▶ [Source records]:
● ● ● ● ●

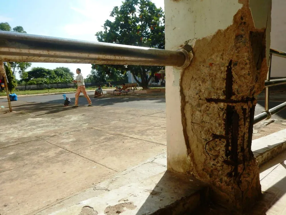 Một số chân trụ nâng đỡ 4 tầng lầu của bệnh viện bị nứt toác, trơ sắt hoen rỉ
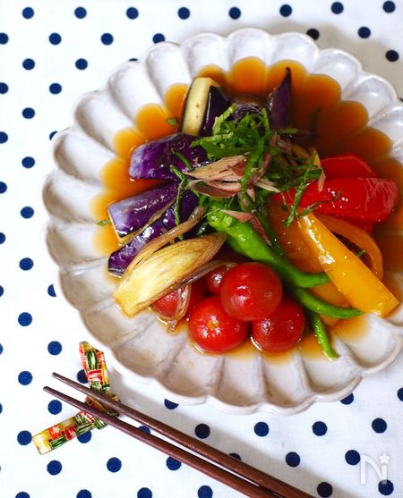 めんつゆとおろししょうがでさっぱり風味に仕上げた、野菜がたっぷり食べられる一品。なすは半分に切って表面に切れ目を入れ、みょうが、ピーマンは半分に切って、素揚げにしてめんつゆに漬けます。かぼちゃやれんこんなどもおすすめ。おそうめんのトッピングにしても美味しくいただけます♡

● ● ● ● ●

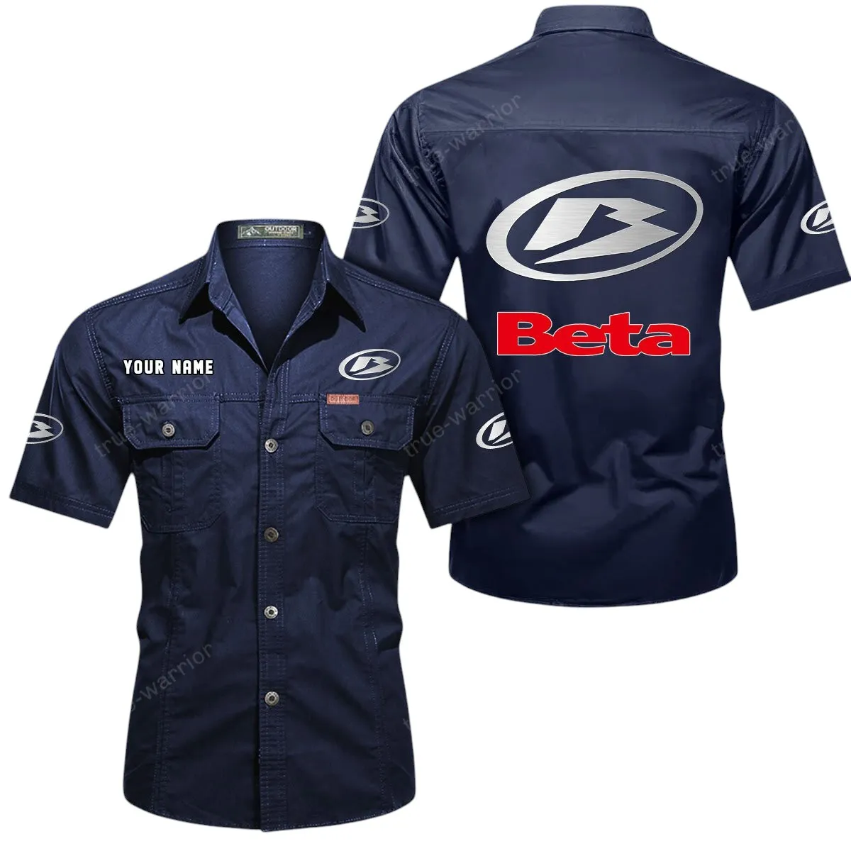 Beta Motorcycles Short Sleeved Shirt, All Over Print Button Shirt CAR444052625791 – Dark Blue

● ● ● ● ●

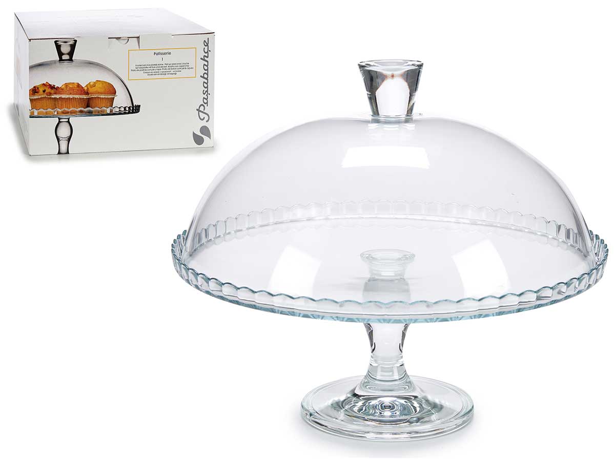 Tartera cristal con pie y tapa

● ● ● ● ●

What is needed is an exact copy of the lines above from the one with "Một số chân" to the one with "めんつゆとおろししょうがでさ", both ends kept, and nothing more; please leave the pictures out.

 Một số chân trụ nâng đỡ 4 tầng lầu của bệnh viện bị nứt toác, trơ sắt hoen rỉ
 めんつゆとおろししょうがでさっぱり風味に仕上げた、野菜がたっぷり食べられる一品。なすは半分に切って表面に切れ目を入れ、みょうが、ピーマンは半分に切って、素揚げにしてめんつゆに漬けます。かぼちゃやれんこんなどもおすすめ。おそうめんのトッピングにしても美味しくいただけます♡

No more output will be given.